高校生時代から連れ立って色々な事して来た親友なのも在って、センスと云ったら大袈裟だけど感覚や好みも似てるのよね。
スパを銭湯の代わりみたいに利用してスッキリサッパリしたら、リフレッシュ出来てビールもより美味しくなるわ。
「愛ってほんと、昔からスタイル良いわよねぇ」
「そう云うあんたこそ少し育ってるじゃないの」
「育つって何がよぉ? もしかして少し太った?」
「下手に惚けて誤魔化さなくて良いけど、そんなの決まってるじゃない。出るところが出て来たって云ってるのよ」
「変わってないと思うけど」
「恋してると女は綺麗になっていくものなのよ」
「そんな事で変わらないわよ」
「そうね。弥生のは恋じゃなくて『愛』の方だったわね。言葉を間違えちゃったわ」
「強引にそっちにお話しを持って行ったわねぇ……」
「いいじゃない。こんな所で仕事の話題や愚痴なんて無粋も極まるわよ」
「それもそうね。せっかくのスパなんだしリラックスできる話題が良いわ」
「それでぇ? あれから何か進展は在ったの?」
「まぁ。それなりに? なのかなぁ」
「随分歯切れの悪い言い方するじゃないの。喧嘩でもでしたの?」
「璃央さんとは特になにも無いって云うか、あっちからの連絡待ちって感じだから変わってないわ」
「あんたさぁ何やってんのよ。『連絡待ちだから何も在りません』なんてどこまで受けに徹するつもりなの。話題なんて何でも良いから、自分からアプローチするって
「あたしのバイクを作業してくれてるのだろうから、お邪魔したくないじゃない」
「この前あんたの実家で私が云ったこと忘れてないでしょうね。またお説教されたい?」
「忘れる訳ないじゃない。あたしからしたらとても大切なことだもの」
「それなら良いけど。邪魔になるかもなんて仮定はすっ飛ばして、自分からアプローチしないと立ち止まってるのと一緒よ」
「愛の云ってくれてる事はとても有難いし理解してるけど、あたしだって出来る事からしてるのよ」
「そうなの? それなら良いけど。
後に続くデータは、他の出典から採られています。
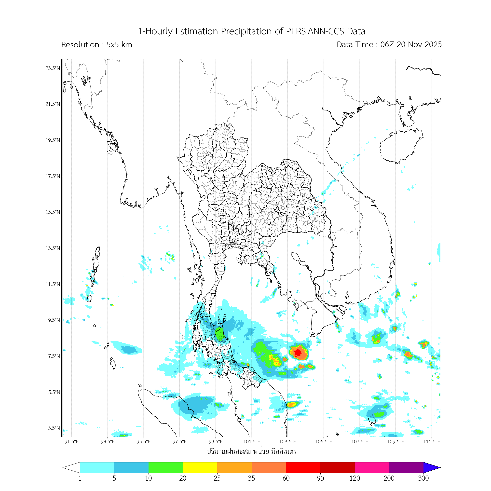 การประมาณค่าฝนจากดาวเทียม เมื่อวาน (19/11/2025)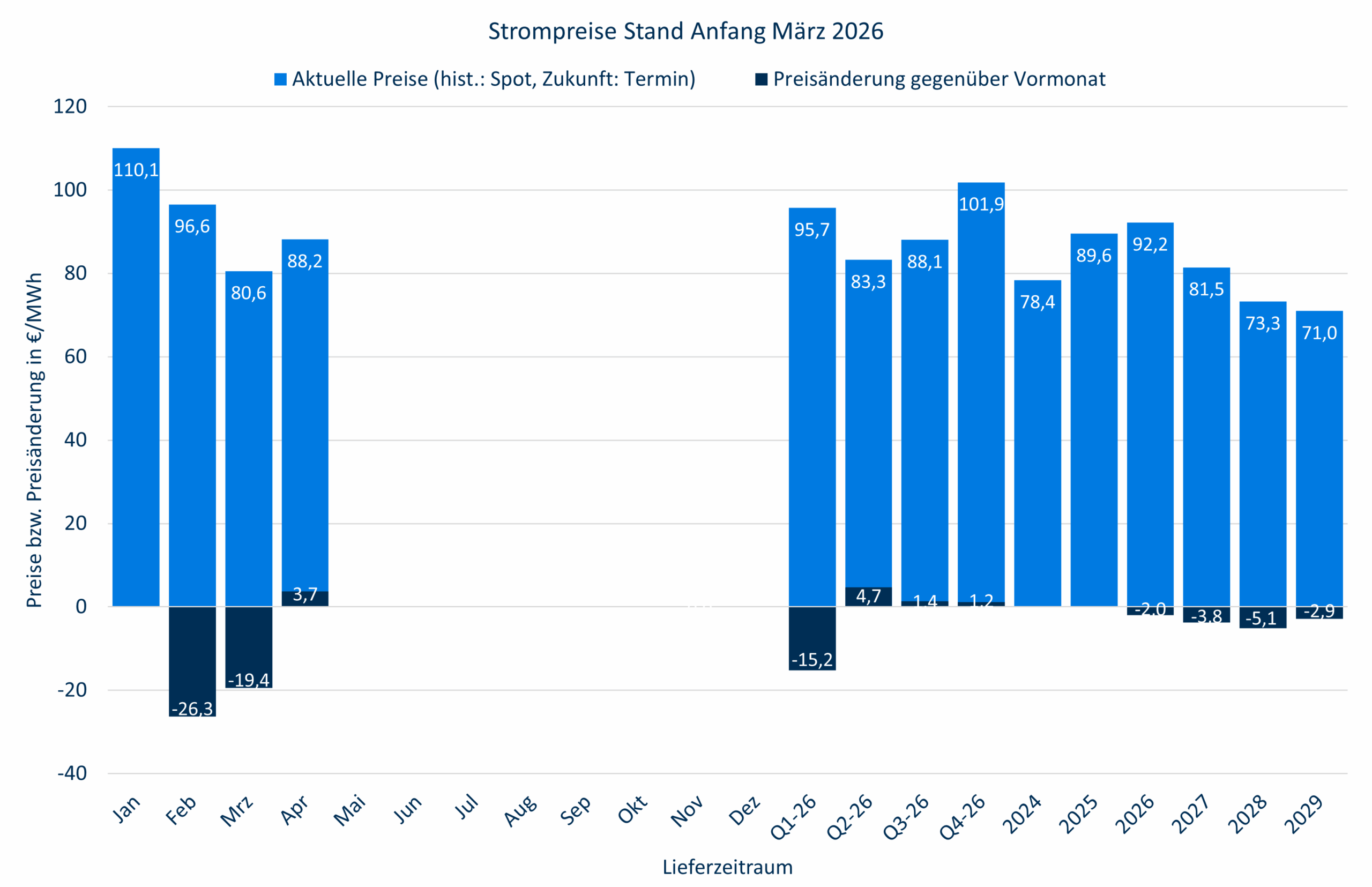 Bis Ende Februar waren die Strompreise auf breiter Front im Rückwärtsgang, trotz des abrupten Gaspreisanstiegs aufgrund der Kampfhandlungen im Mittleren Osten, verbleibt bislang ein Minus.

まだ中途半端で話せる段階にないのなら待つから、話せるようになったらちゃんと云うのよ? 相談でも何でも乗るから」
「うん。ありがとう。少し長くなるから、お店で呑みながらって考えてたお話しが在るの。ここでしたらきっと逆上せちゃうから」
「そうなのね。それは楽しみだわ。確かに恋に逆上せた弥生がお風呂でも逆上せたら、笑い話になっちゃうもの」
「愛ぃ。そんな上手いこと云わなくて良いからっ」
施設に由って違うけど、ここのスパは温泉みたいになってるお風呂も在ってリラックスできて良いわね。
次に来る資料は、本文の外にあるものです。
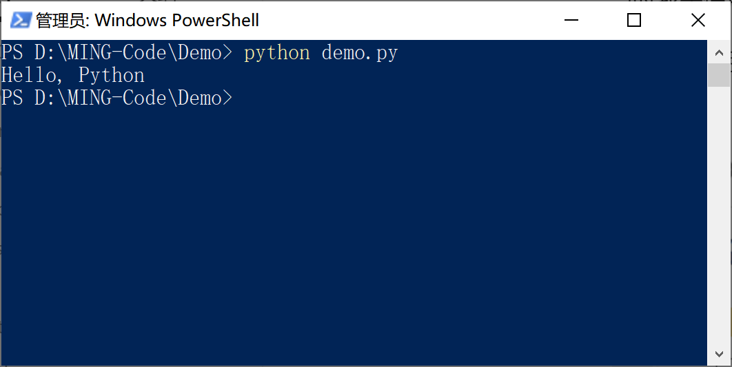 然后在 PowerShell 中输入 python dmeo.py,就可以执行这个 python 脚本啦。

露天風呂のようだけどビルのワンフロアに在るから、景色はスクリーンに投影されたホログラムなの。
ときどきガラッと景色が変わってその瞬間はびっくりするけど、違ったお風呂に入った気分にもなれるから悪い気はしないわ。
温泉と違うところは水着の着用が必須でフロントでレンタルしたけど、前提がお風呂やエステそれにマッサージだから、隠せるところが最小限の小さめの布地で慣れないあたしはちょっと落ち着かないかも。
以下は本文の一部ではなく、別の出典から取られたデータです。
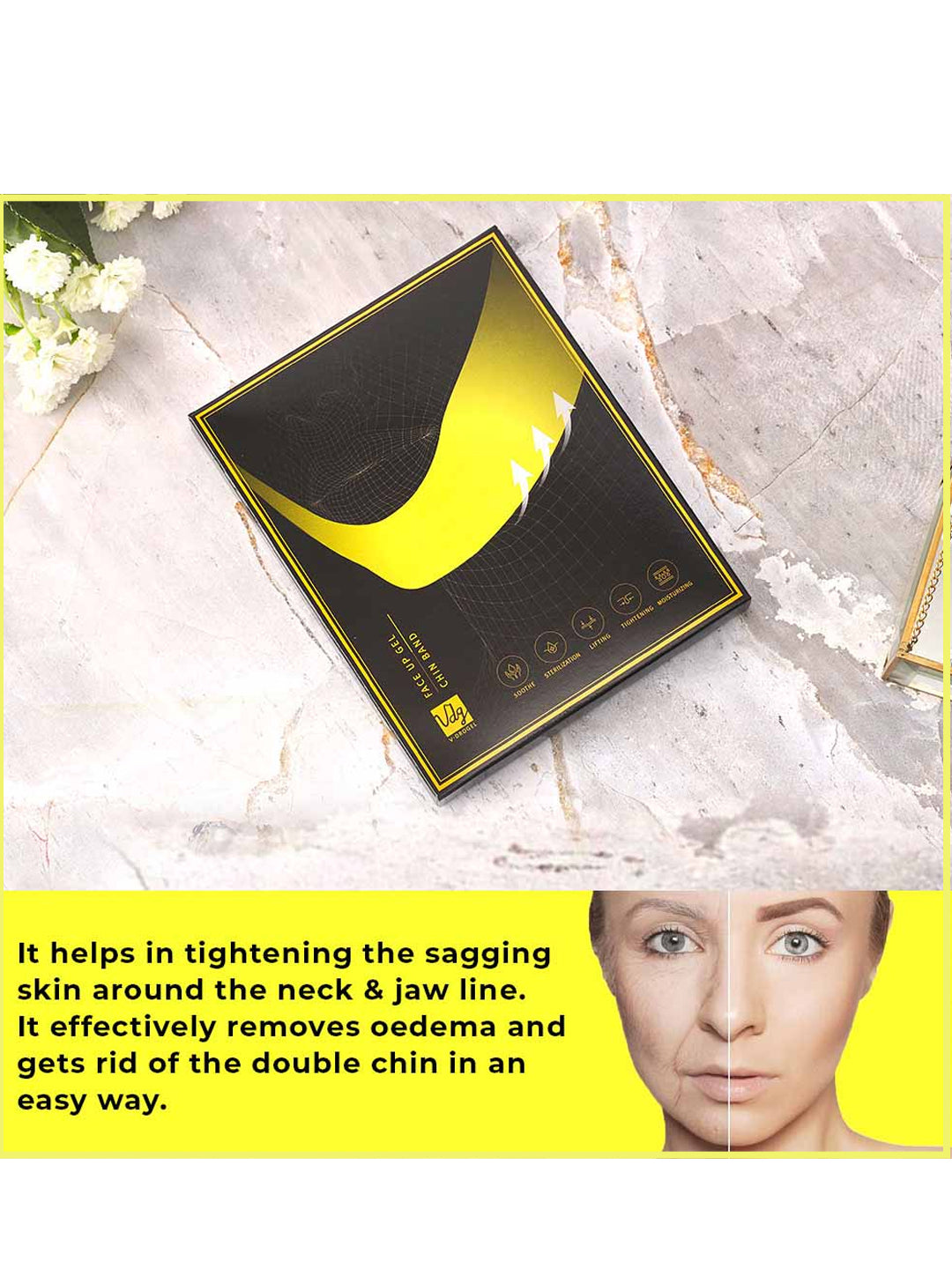 In FACE UP GEL CHIN BAND is made with highly elastic and resilient fabric. A perfect way to give yourself a facelift. It helps in tightening the sagging skin around the neck & jaw line. It effectively removes oedema and gets rid of the double chin in an easy way. With age, our skin loses firmness and elasticity, this Lifting Mask helps increase firmness and elasticity, giving a smoother, healthier-looking skin. Natural ingredients provide the skin nutrients and moisture. Hydrogel refreshes and instantly moisturizes the skin of your chin line, giving more care to the skin. Its best to use it in night, it is the peak time for the skin molecules to lift, the division during night time is faster than during the day, the absorption rate of nutrients in the skin is very high. Soft and comfortable material for facial skin.

隠せる所が少な過ぎるなら、いっそ裸の方が恥ずかしくないって想ってしまうのは何故だろう?
仮に海やプールで着る為にこのデザインをチョイスするとなると、相当スタイルに自信がないと無理ね。
因みにあたしはこんなにセクシーなデザインは持ってないわ。
愛ちゃんはどうかなぁ――普通に持ってる可能性は在るわねぇ。
だってセクシーな水着に着られてないと云うか、似合っていてカッコイイって素直に想うもの。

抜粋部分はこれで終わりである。